Question

If $\int{{{e}^{\sec x}}\left( \sec x\tan xf\left( x \right)+\sec x\tan x+{{\tan }^{2}}x \right).dx={{e}^{\sec x}}f\left( x \right)+c}$. Then $f\left( x \right)$ is
A.$\sec x+x\tan x+\dfrac{1}{2}$
B.$x\sec x+x\tan x+\dfrac{1}{2}$
C.$x\sec x+{{x}^{2}}\tan x+\dfrac{1}{2}$
D.$\sec x+\tan x-x+\dfrac{1}{2}$

Answer 1

Hint: We are given a function which consists of multiple trigonometric functions.
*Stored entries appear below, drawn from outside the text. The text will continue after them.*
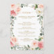 Elegante menú de boda botánico floral Rubor rosa / melocotón con un ramo de rosas de acuarela pastel, peonías e hidrangeas en tonos rosas, melocotones y crema con hojas botánicas verdes y exuberantes y hojas de eucalipto con marco geométrico dorado. Encontrará más diseños y variaciones de mi tienda "blissweddingpaperie". Y no dudes en ponerte en contacto conmigo para seguir personalizando o haciendo coincidir artículos.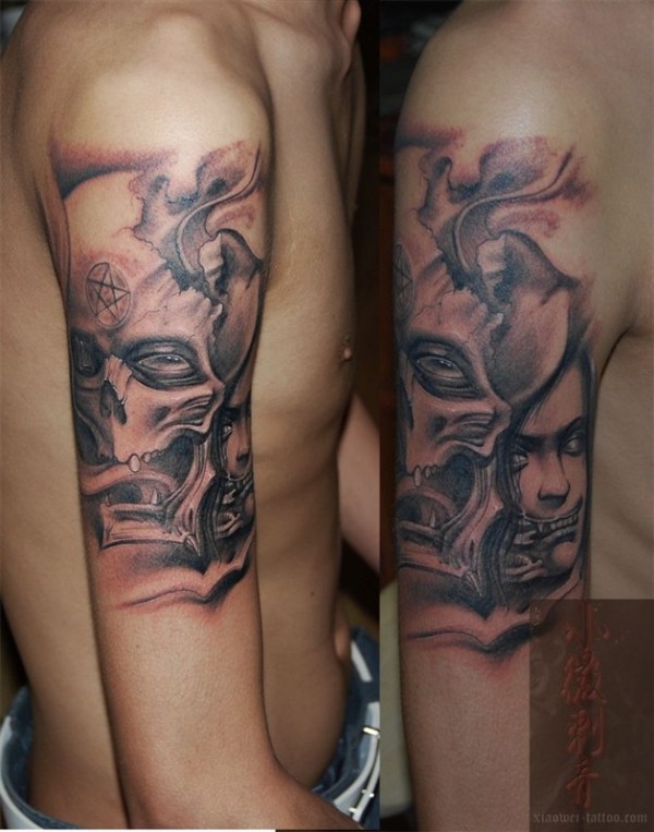 个性手臂悲伤的骷髅纹身图案图案图片_骷髅纹身图案大全_纹身图吧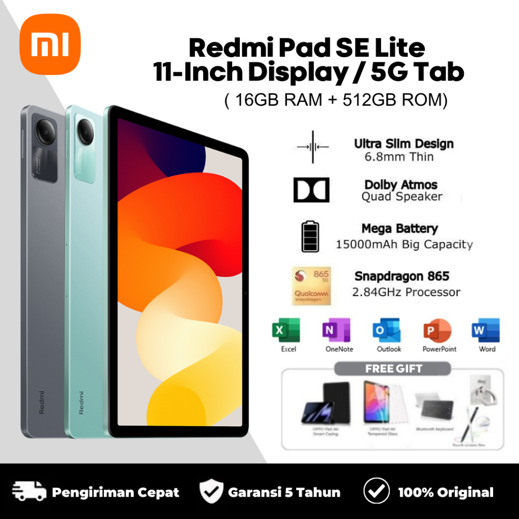 Redmi Pad SE Lite 16GB+512GB Snapdragon 680 Layar 11 inci Tablet FHD+ 8000mAh [Official Store]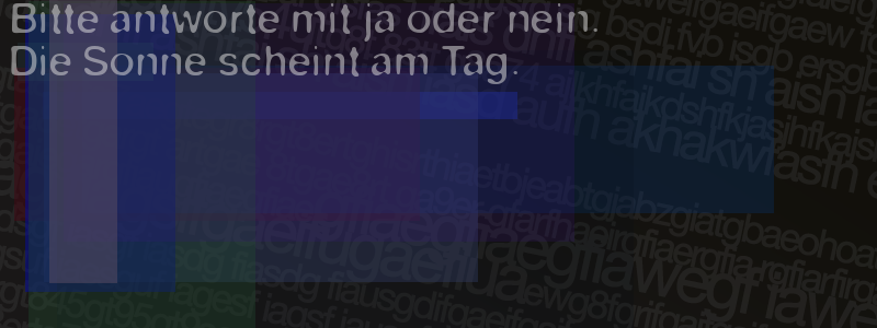 Die Visuelle Bestätigung hilft dabei automatische Spambots und Scripte von den Diensten dieses Forums abzuhalten. Derartige Scripte sind normalerweise nicht in der Lage den untenstehenden Code zu erkennen. Bitte geben Sie also in das untenstehende Feld die Buchstaben und Zahlen ein, die Sie in dem Bild erkennen können oder beantworten Sie die angezeigte Frage.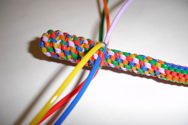 6/ On recommence en tenant toujours le scoubidou à l'envers.Il faut faire attention: en faisant les boucles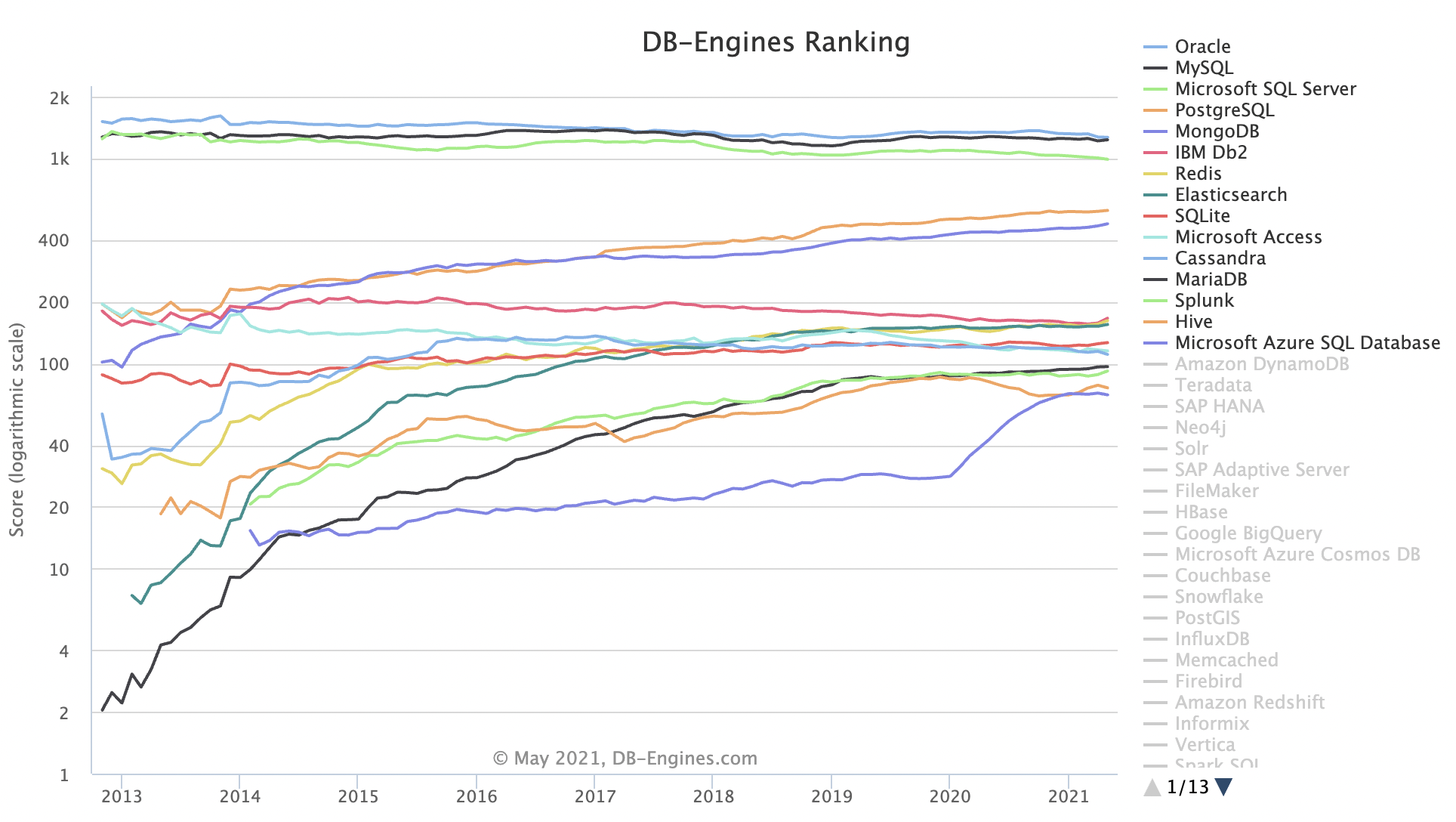 앞서서, 데이터베이스에도 여러 종류가 있고, 데이터베이스를 사용하려는 서비스의 성향에 따라 각기 다른 형태를 선택할 수 있다고 설명했다. 그렇다면, 데이터베이스 시장 상황은 어떨까? 아래는 2013년부터 2021년 5월까지, 상용화된 데이터베이스 사용 실태를 보여주는 통계이다.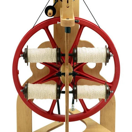 The lazy kate is tensioned which helps keep tangles down while plying on a wheel mounted lazy kate.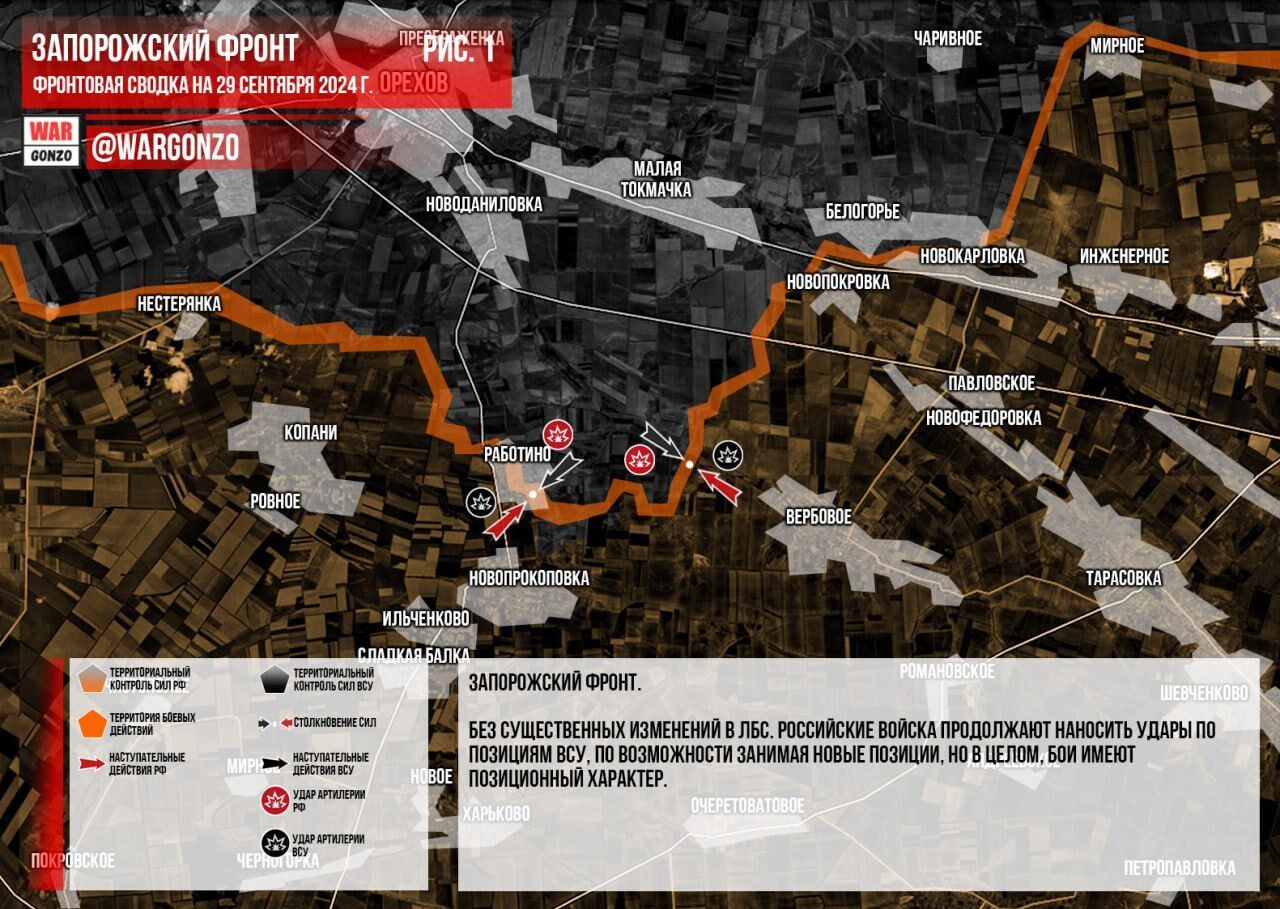 Mặt trận Zaporozhye. Không có thay đổi đáng kể nào đối với LBS. Quân đội Nga tiếp tục tấn công các vị trí của Lực lượng vũ trang Ukraine, chiếm giữ các vị trí mới bất cứ khi nào có thể, nhưng nhìn chung, các trận chiến đều mang tính chất vị trí. (Hình 1)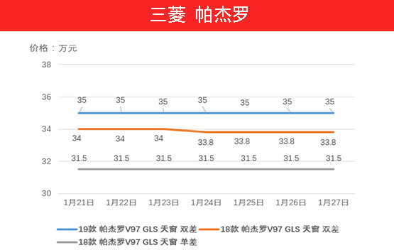 帕杰罗( 参数 | 询价 )的近期价格走势与途乐十分相似,虽然也是主打性价比但其销量远没有途乐好,主要原因还是帕杰罗久不改款产品力度跟不上。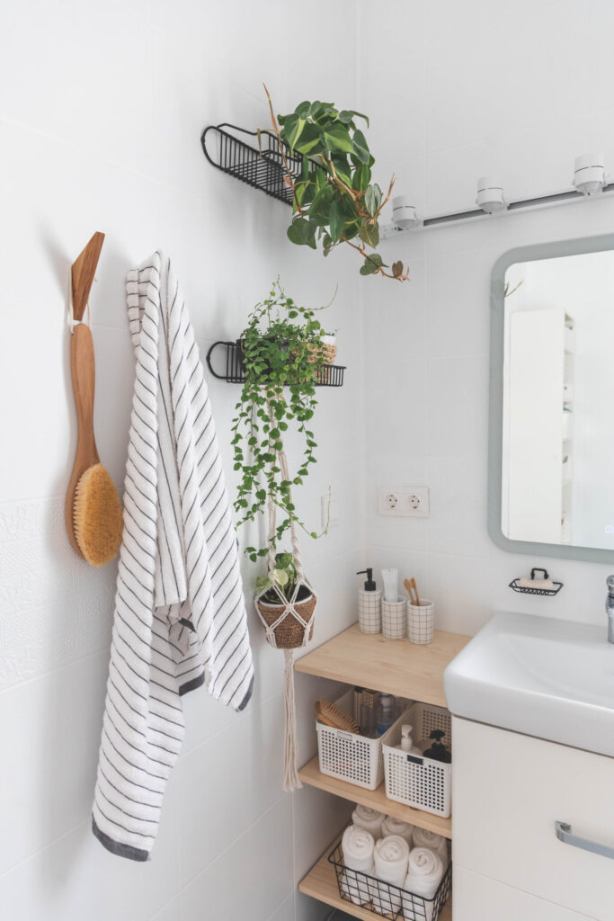 In small bathrooms, wall space is your best friend. Use the height to your advantage with built-in vertical shelving or mounted cabinets.

First we will differentiate the given equation which would help us to simplify our equation and get rid of ${{e}^{\sec x}}$. Then, we will find the anti-derivative or integral of the equation thus obtained to transform ${f}'\left( x \right)$ to $f\left( x \right)$.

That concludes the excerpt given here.